Venture Capital, US and Europe different in approach but similar in performance

May 17, 2026

 

The dominant model is the US one and, on this, there is little doubt: the numbers show that the US venture capital market is about five times larger than the European one. And, by the way, the US venture capital model itself, established in 1946, was also adopted in Europe in the 1970s, as Massimo Colombo, professor of Innovation Economics, Entrepreneurship and Entrepreneurial Finance at the Polimi School of Management, one of the European business schools (together with Audencia Business School, IE Business School, Stockholm School of Economics (SSE), Universidad Complutense de Madrid, Vlerick Business School and University of Ghent, University of Luxembourg) that carried out the study ‘Practices of European and American Venture Capitalists: homogeneity and heterogeneity at work’.

Focusing on the differences between the two ecosystems, the study analyses how institutional contexts influence venture capital decisions in Europe compared to the US, based on a survey of 611 managers from 396 companies, representing 55% of market capitalisation and €130 billion under management.

Loading…

The results reported in this paper disprove the commonplace that US venture capital outperforms European venture capital, supported by the data: ‘The performance metrics are almost identical, you target similar returns, face the same failure rates, and achieve equivalent high-level results,’ the study says. The difference lies in the way investment decisions are made, deals are chosen and risk is assessed, determining who gets funding and who does not’.

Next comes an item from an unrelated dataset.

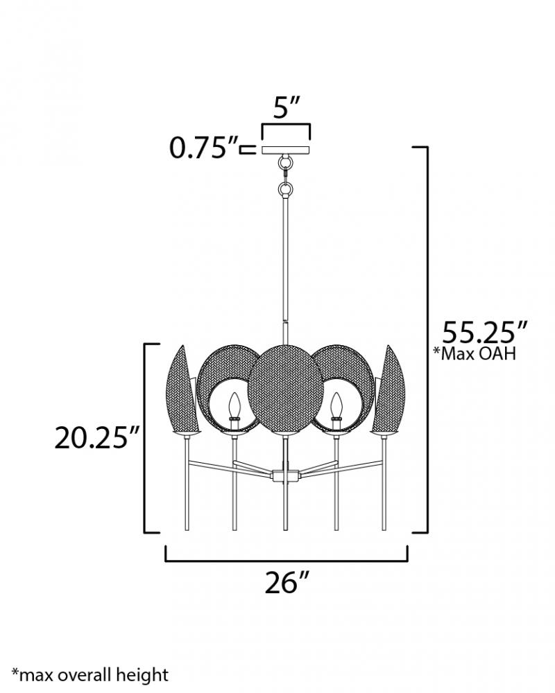 A classical chandelier that transports you to a tropical paradise, the Maldives collection features hand woven wicker shades that elegantly curve around precisely cut opal white glass. Suspended on slender supports of steel finished in Matte Black, the han

European venture capitalists have a narrower deal flow, as they seize fewer opportunities: they rely on current market conditions, whereas US venture capitalists mainly use predictive financial models to estimate scalability and project potential.

Operators in both systems believe that success depends on the team (96% of the sample) as well as failure (92%), but Europeans seem to place less importance on the business model (43%), strategic fit (43%), and other fundamentals such as product and market, which in the United States count for 74% and 68% of managers respectively. These differences also extend to the perception of the ideal founder: ‘in Europe, priority is given to individual qualities such as passion, determination and commitment. in the US, the focus is on team cohesion, organisational structure and interpersonal dynamics,’ the study continues.